For general usage, please refer to [here](https://turinglang.org/SliceSampling.jl/dev/general/).
## Implemented Algorithms
### Univariate Slice Sampling Algorithms
- Univariate slice sampling ([Slice](https://turinglang.org/SliceSampling.jl/dev/univariate_slice/)) algorithms by R. Neal [^N2003]:
- Fixed window (`Slice`)
- stepping-out window adaptation (`SliceSteppingOut`)
- doubling-out window adaptation (`SliceDoublingOut`)
### Meta Multivariate Samplers for Augmenting Univariate Samplers
- Random permutation coordinate-wise Gibbs sampling[^GG1984] (`RandPermGibbs`)
- Hit-and-run sampling[^BRS1993] (`HitAndRun`)
### Multivariate Slice Sampling Algorithms
- Latent slice sampling ([LSS](https://turinglang.org/SliceSampling.jl/dev/latent_slice/)) by Li and Walker[^LW2023] (`LatentSlice`)
- Gibbsian polar slice sampling ([GPSS](https://turinglang.org/SliceSampling.jl/dev/gibbs_polar/)) by P. Schär, M. Habeck, and D. Rudolf[^SHR2023] (`GibbsPolarSlice`)
## Example with Turing Models
This package supports the [Turing](https://github.com/TuringLang/Turing.jl) probabilistic programming framework:
```julia
using Distributions
using Turing
using SliceSampling
@model function demo()
s ~ InverseGamma(3, 3)
m ~ Normal(0, sqrt(s))
end
sampler = RandPermGibbs(SliceSteppingOut(2.))
n_samples = 10000
model = demo()
sample(model, externalsampler(sampler), n_samples)
```
The following slice samplers can also be used as a conditional sampler in `Turing.Gibbs` sampler:
* For multidimensional variables:
* `RandPermGibbs`
* `HitAndRun`
* For unidimensional variables:
* `Slice`
* `SliceSteppingOut`
* `SliceDoublingOut`
See the following example:
```julia
using Distributions
using Turing
using SliceSampling
@model function simple_choice(xs)
p ~ Beta(2, 2)
z ~ Bernoulli(p)
for i in 1:length(xs)
if z == 1
xs[i] ~ Normal(0, 1)
else
xs[i] ~ Normal(2, 1)
end
end
end
sampler = Turing.Gibbs(
:p => externalsampler(SliceSteppingOut(2.0)),
:z => PG(20, :z),
)
n_samples = 1000
model = simple_choice([1.5, 2.0, 0.3])
sample(model, sampler, n_samples)
```
[^N2003]: Neal, R. M. (2003). Slice sampling. The annals of statistics, 31(3), 705-767.

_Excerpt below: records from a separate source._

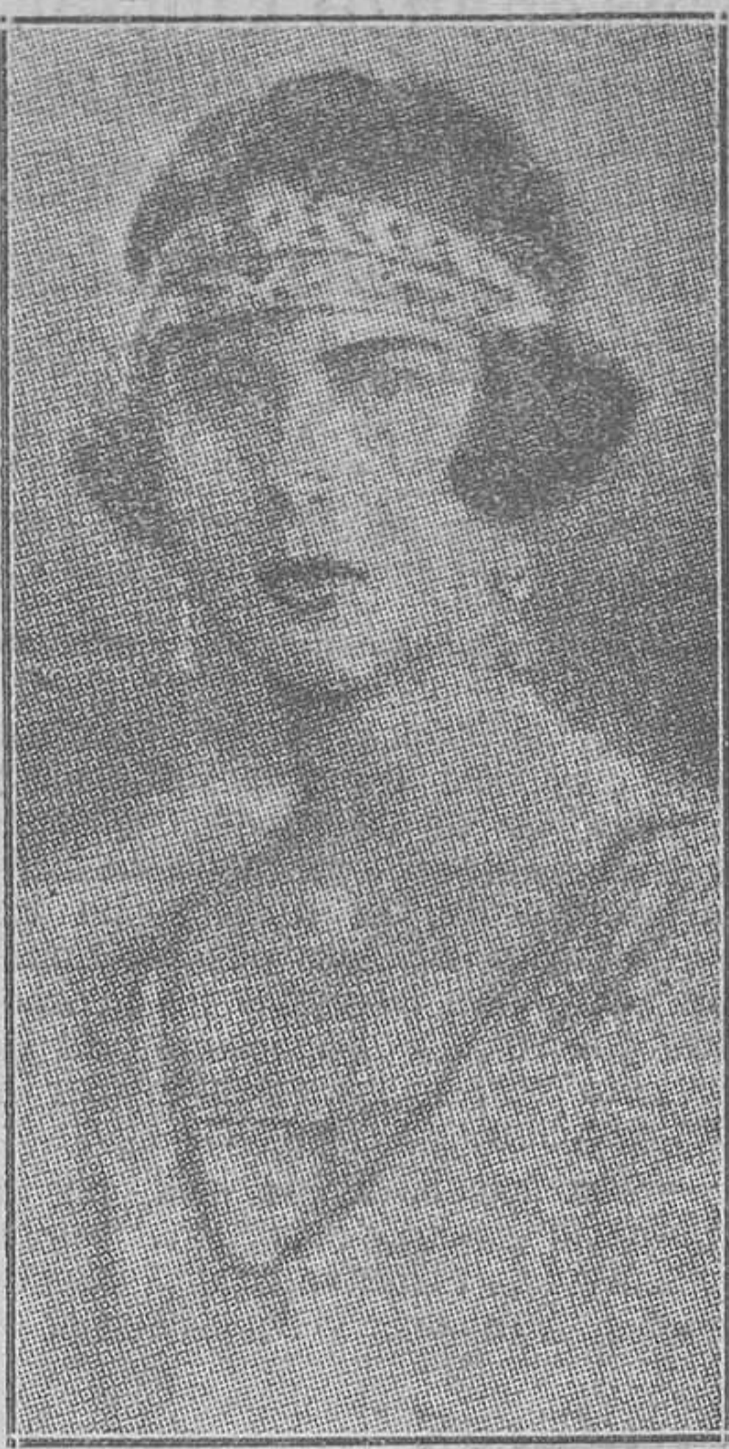
La Princesa María José, esposa del heredero de la corona de Italia

La S. de N. continúa siendo el centro de las maniobras de las grandes potencias que son las que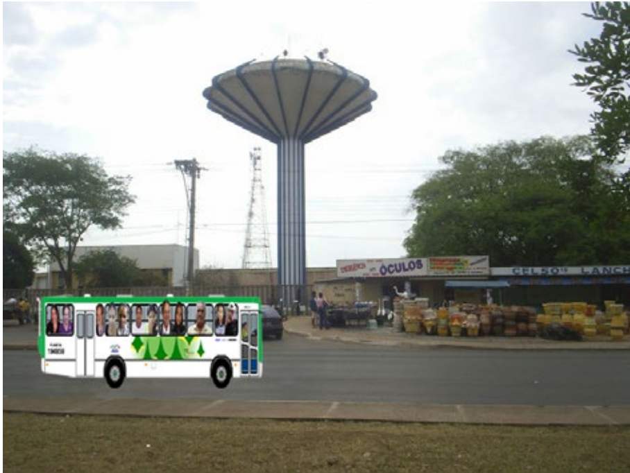
27 – Experiência artística coletiva de fotomontagem “Encontro de gerações”.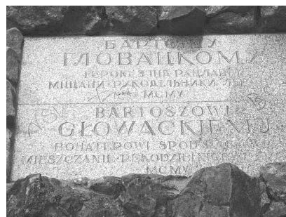
Двомовна таблиця на пам'ятнику Бартошу Гловацькому

Функцію пам'ятників певною мірою виконують пам'ятні знаки (наприклад, пам'ятний камінь на честь перемоги війська під командуванням короля Яна III Собеського над татарами на нижній терасі Високого замку; хрест у пам'ять про розстріляних гітлерівцями львівських професорів на горі біля вул. Сахарова), культурно-історичні меморіальні таблиці (Т.Костюшкові, Ф.Смольці, С.Гощинському, Я.Лему, З.Герберту, на честь проведення Гран-прі, приїзду до Львова Папи Римського Іоана Павла II тощо). Меморіальні дошки – порівняно дешевий засіб акцентування історії, який не потре-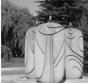
Les Trois Parques de Maurice Calka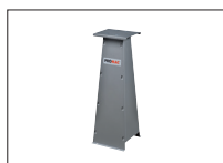
Réf. 9399 Socle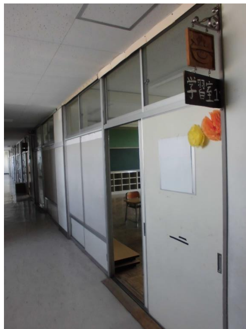
各学年に学習室があり、少人数指導や 面談などで使います。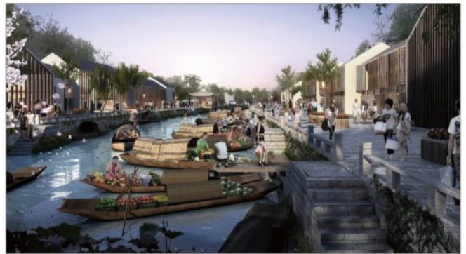
图2 新场水上集市效果图

里打造为传统的江南水乡，不仅有独具特色的水上集市（如图2），还引进了一系列文化娱乐休闲产业，在保护古镇原有风貌的同时还有效促进了当地旅游业的发展。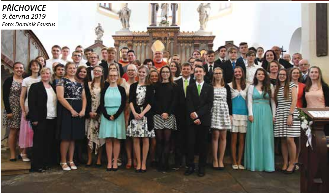
PŘÍCHOVICE 9. června 2019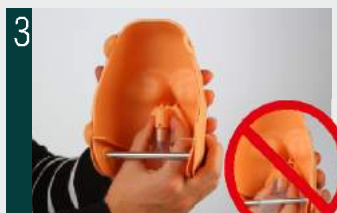
3. El pulmón debe ser colocado por debajo de la varilla metálica, nunca por encima.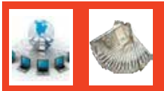
कोअर बँकींग आर्टीजीएस ऑड एनईएफटी

IMPS सुविधा (मोबाईलद्वारे 24x7) 365 दिवस पैसे ट्रान्सफर करण्याची जलद सुविधा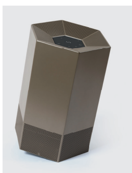
Bronze RÉF. 110832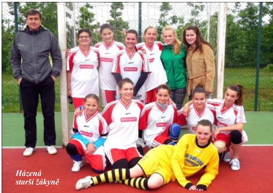
Házená starší žákyně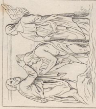
1. Relief von Albino Berruguete. (1480—1501). Toledo.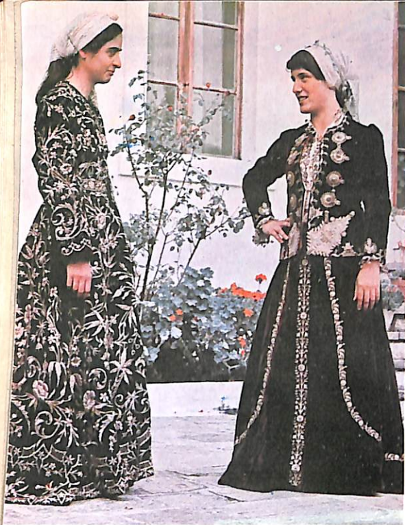
Moment dasme kolonjare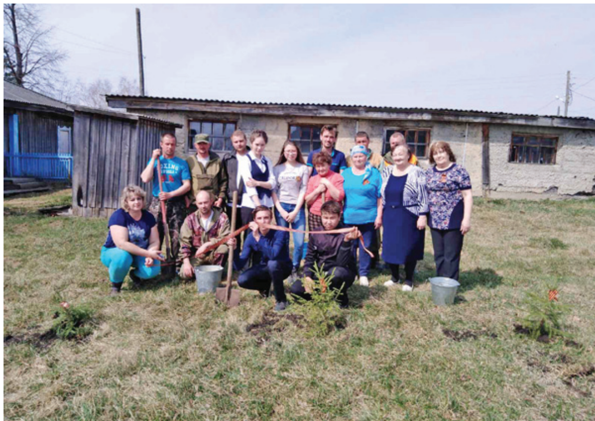
На уборке территории

нистрации есть свой «штаб», своя ветеранская комната. Гордостью супринцев-ветеранов является музей, расположенный здесь же. Экспонаты начали собирать с 2012 года, помогали все пенсионеры. Совет ветеранов вы-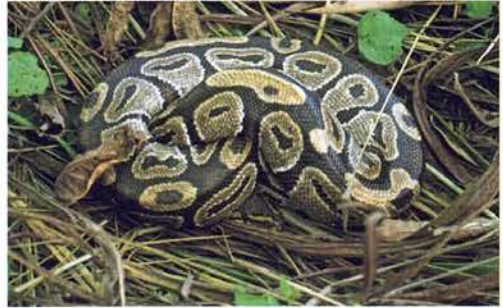
Abb. 88. Python regius ..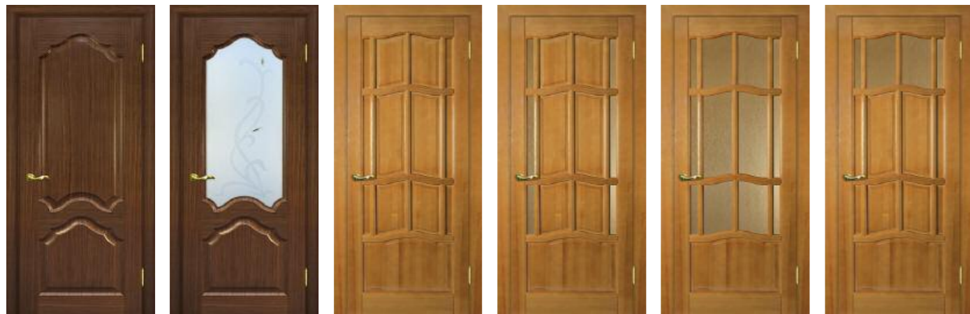
Кардинал Темный орех, Кардинал Темный орех, Амбир, Амбир ДБО, Амбир ДО, Амбир ДВО

[^LW2023]: Li, Y., & Walker, S. G. (2023). A latent slice sampling algorithm. Computational Statistics & Data Analysis, 179, 107652.
[^SHR2023]: Schär, P., Habeck, M., & Rudolf, D. (2023, July). Gibbsian polar slice sampling. In International Conference on Machine Learning.
[^GG1984]: Geman, S., & Geman, D. (1984). Stochastic relaxation, Gibbs distributions, and the Bayesian restoration of images. IEEE Transactions on Pattern Analysis and Machine Intelligence, (6).
[^BRS1993]: Bélisle, C. J., Romeijn, H. E., & Smith, R. L. (1993). Hit-and-run algorithms for generating multivariate distributions. Mathematics of Operations Research, 18(2), 255-266.